Previously, AWS Lambda installation packages were limited to an unpacked size of up to 250 MB, including requirements. This proved to be an obstacle when trying to host machine learning models using the service, as generic ML libraries and complex models led to installation packages exceeding the 250MB limit.
However, in December 2020 AWS announced support for sConnecting and Enabling Lambda Functions as a Docker Images. Critically for machine learning, these images can be up to 10GB in size. This means that large dependencies (e.g., Tensorflow) and medium-sized models can be included in the image and thus model predictions can be used with Lambda.
This article discusses example development and deployment for model hosting in Lambda. All the necessary codes can be found here.
The solution can be divided into three parts:
- Docker image: The docking image includes our dependency, a trained model system, and a function code. AWS provides the 189097 with a basic picture of several times on which compatibility with the service can be built.
- Lambda function: A non-server resource that executes action code based on incoming events / requests in the Docker image.
- API gateway endpoint: Used as a trigger for Lambda and as a starting point for customer requests. When prediction requests are received at the endpoint, the Lambda function is triggered when the request body is included in the event sent to the function. The value returned by the function is returned to the client in response.
In this example, our model is a simple KNN implementation trained in the Iris classification file. Training is not included in this message, but the result is a scikit-learn Pipeline object consisting of the following objects:
1. StandardScaler: Standardizes bets based on the mean and standard deviation of training samples.
2. KNeighborsClassifier: The actual prefabricated model. Practiced at K = 5.
The tubes are saved using the Joblib implementation of scikit-learntemplate_pipe.joblib“.
Let’s start by looking at the action code that Lambda uses to process anticipation request events (predict app.py).
Lambda_handler are the required arguments for the functions used by lambda. The pipe target is loaded outside the handler to avoid loading this on each call. Lambda keeps the tanks alive for a while until there are no events, so loading a template once to create means it can be reused while Lambda keeps the tank alive.
The handler function itself is quite simple; the required revenue is unloaded from the transaction framework and used to create the forecast. The prediction is returned as part of the JSON response. The response of the function is returned to the client through the API gateway. A few checks are made to ensure that the inputs are in line with expectations and any forecast errors are detected and recorded.
The docker file is structured as follows:
1. Drag the basic Python 3.6 image for AWS
2. Copy the required files from the local directory to the root of the image
3. Installation requirements
4. Perform the handler function
We use the AWS Serverless Application Manager (SAM) interface to manage deployment and AWS resources. Instructions for installing SAM and its dependencies can be found here.
To use SAM for construction and deployment, a sample file must be specified. This is used to configure the required AWS resources and related configurations.
The SAM model for this project includes the following:
- Various information such as stack name and general Lambda timeout configuration.
- MLPredictionFunction Resource: This is the Lambda feature we want to enable. This section contains most of the required configuration:
- Properties: here we specify that the function is configured using the Docker image (PackageType: Image) and that the function is started via the API gateway (Type: API). The path name and type of the API path are also specified here.
- The metadata contains the tag used in the constructed images, as well as the location / name of the Docker file used to construct the image.
- The outputs list all the necessary resources that SAM creates. In this case, the SAM needs the API gateway endpoint, the Lambda function, and the associated IAM role.

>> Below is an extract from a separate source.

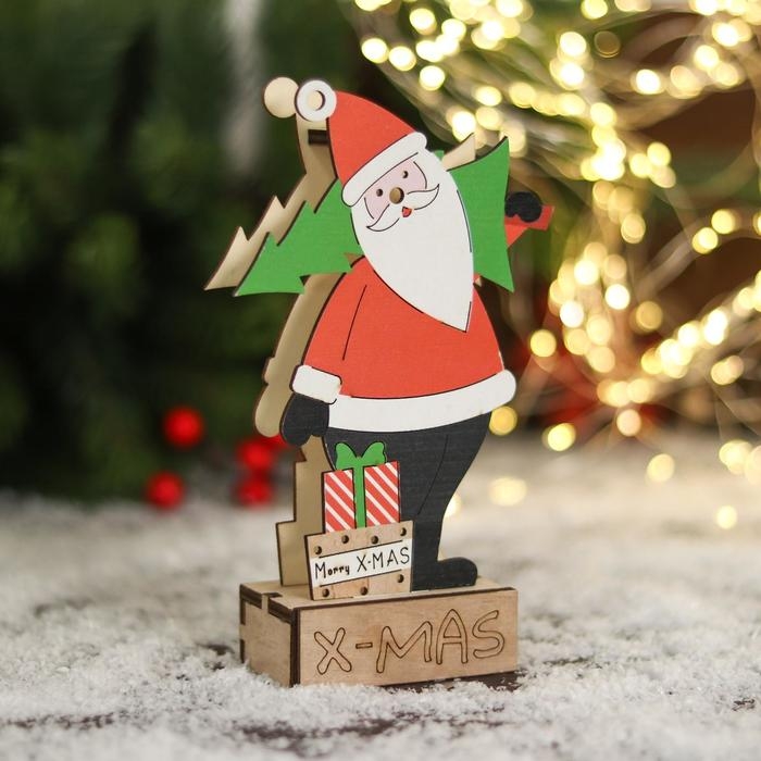 Фигурка новогодняя свет "Дед Мороз с ёлкой и подарками" 10х17 см

Executing the command below builds the application image using a locally defined SAM model:
If the operation is successful, the operation can be called locally with an example event with the following command (see, for example, the event Repo):
!sam local invoke -e events/event.json
Once the function has been tested locally, the image must be transferred to the AWS ECR. First create a new archive:
!aws ecr create-repository --repository-name ml-deploy-sam
You must log in to the ECR Managed Docker before the image can be pushed:
!aws ecr get-login-password --region <region> | docker login --username AWS --password-stdin <account id>.dkr.ecr.<region>.amazonaws.com
Now you can deploy your app in the following ways:
!sam deploy -g
This performs the deployment in a wizard mode where you must verify the application name, AWS area, and previously created image store. Accepting the default settings for the remaining settings should be great in most cases.

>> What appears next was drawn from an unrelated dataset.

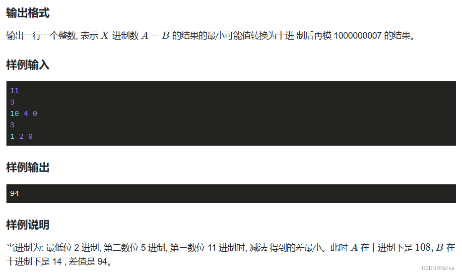 ret = (ret+(numsA[i] - numsB[i]) * base)%MOD;

The installation process then begins and AWS resources are acquired. When completed, each resource will appear on the console.

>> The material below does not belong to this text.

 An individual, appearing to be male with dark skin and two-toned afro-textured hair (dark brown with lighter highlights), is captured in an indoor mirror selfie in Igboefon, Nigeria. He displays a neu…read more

- Image updates: To deploy an updated template or action code, simply build the image locally and run the deployment command again. SAM detects which aspects of the application have changed and updates the relevant resources accordingly.
- Cold start: Every time Lambda spins a container with our function code, the model is loaded before processing begins. This results in a cold start scenario where the first request is significantly slower than the following. One way to combat this is to launch the feature from time to time with CloudWatch so that the container is always ready while the template is loaded.
- Multiple functions: It is possible to enable multiple Lambda functions that serve a single API. This can be useful if you have multiple models you want to serve, or if you want a separate preprocessing / confirmation terminal. You can configure this simply by including Advanced features in the SAM template resources.